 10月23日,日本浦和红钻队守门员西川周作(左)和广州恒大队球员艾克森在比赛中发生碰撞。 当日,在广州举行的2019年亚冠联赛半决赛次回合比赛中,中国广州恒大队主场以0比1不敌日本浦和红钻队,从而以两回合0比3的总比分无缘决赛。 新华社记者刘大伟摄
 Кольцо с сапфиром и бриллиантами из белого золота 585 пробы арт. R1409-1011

* * *

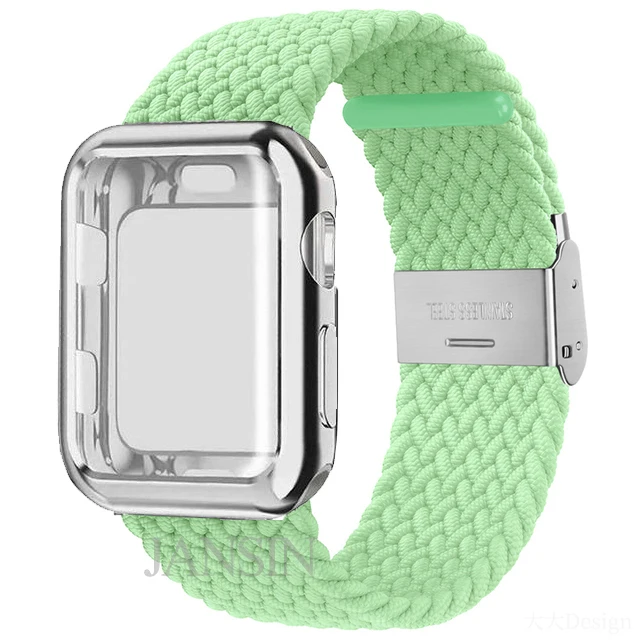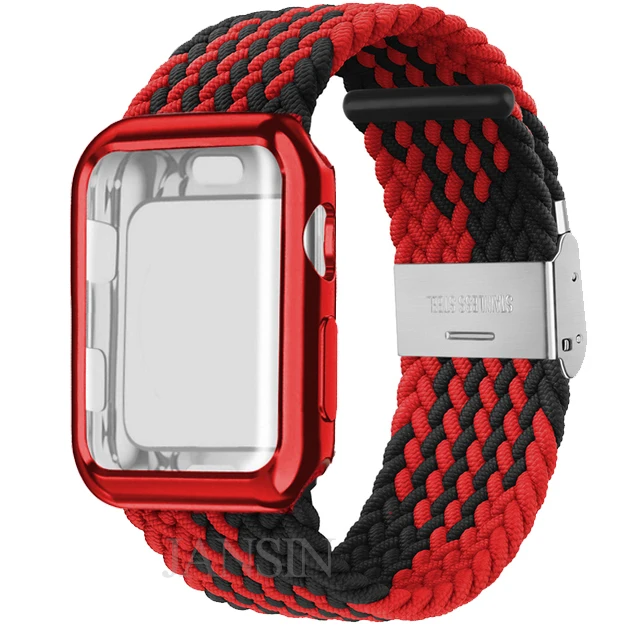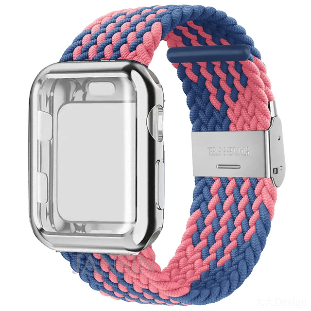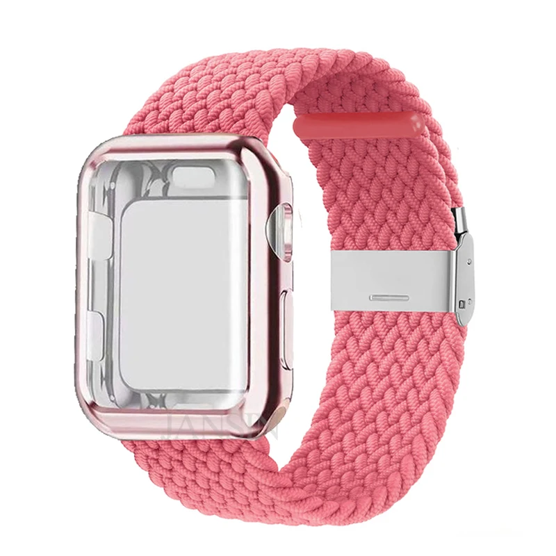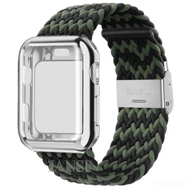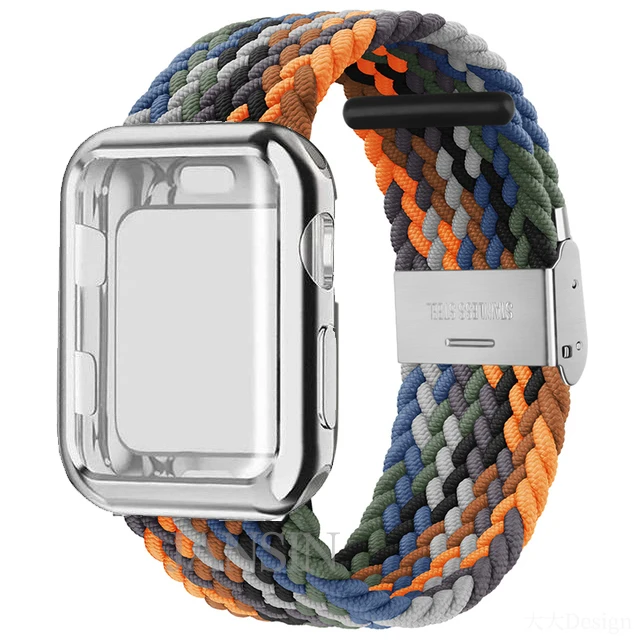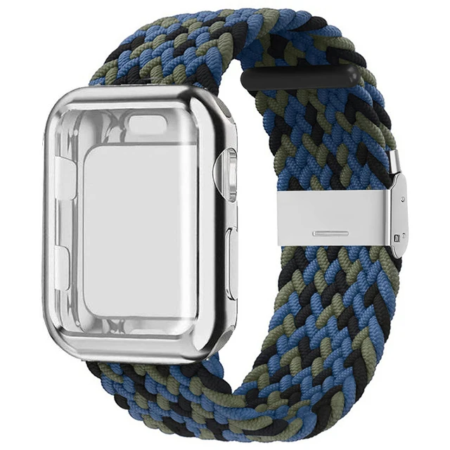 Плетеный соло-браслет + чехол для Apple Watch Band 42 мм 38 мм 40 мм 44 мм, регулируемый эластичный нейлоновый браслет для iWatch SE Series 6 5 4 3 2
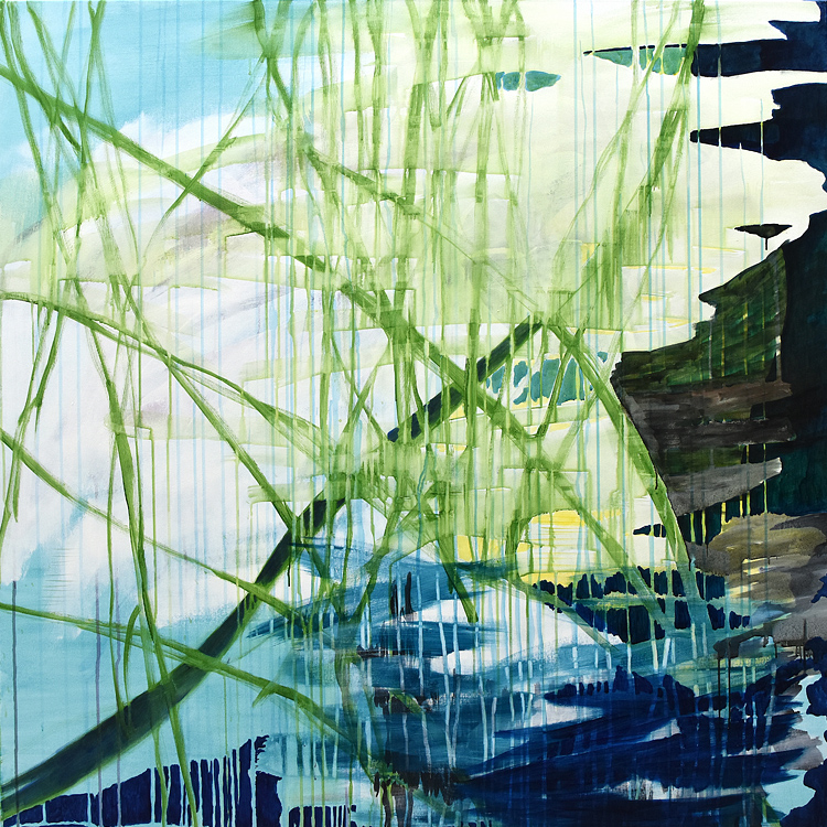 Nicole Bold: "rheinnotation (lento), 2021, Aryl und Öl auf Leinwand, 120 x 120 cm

* Task statement: Print, exactly, each line above from the one with "Плетеный соло-браслет +" to the one with "120 x 120 cm", end lines included. Leave pictures out of it.

* Written solution:
 Плетеный соло-браслет + чехол для Apple Watch Band 42 мм 38 мм 40 мм 44 мм, регулируемый эластичный нейлоновый браслет для iWatch SE Series 6 5 4 3 2
 Nicole Bold: "rheinnotation (lento), 2021, Aryl und Öl auf Leinwand, 120 x 120 cm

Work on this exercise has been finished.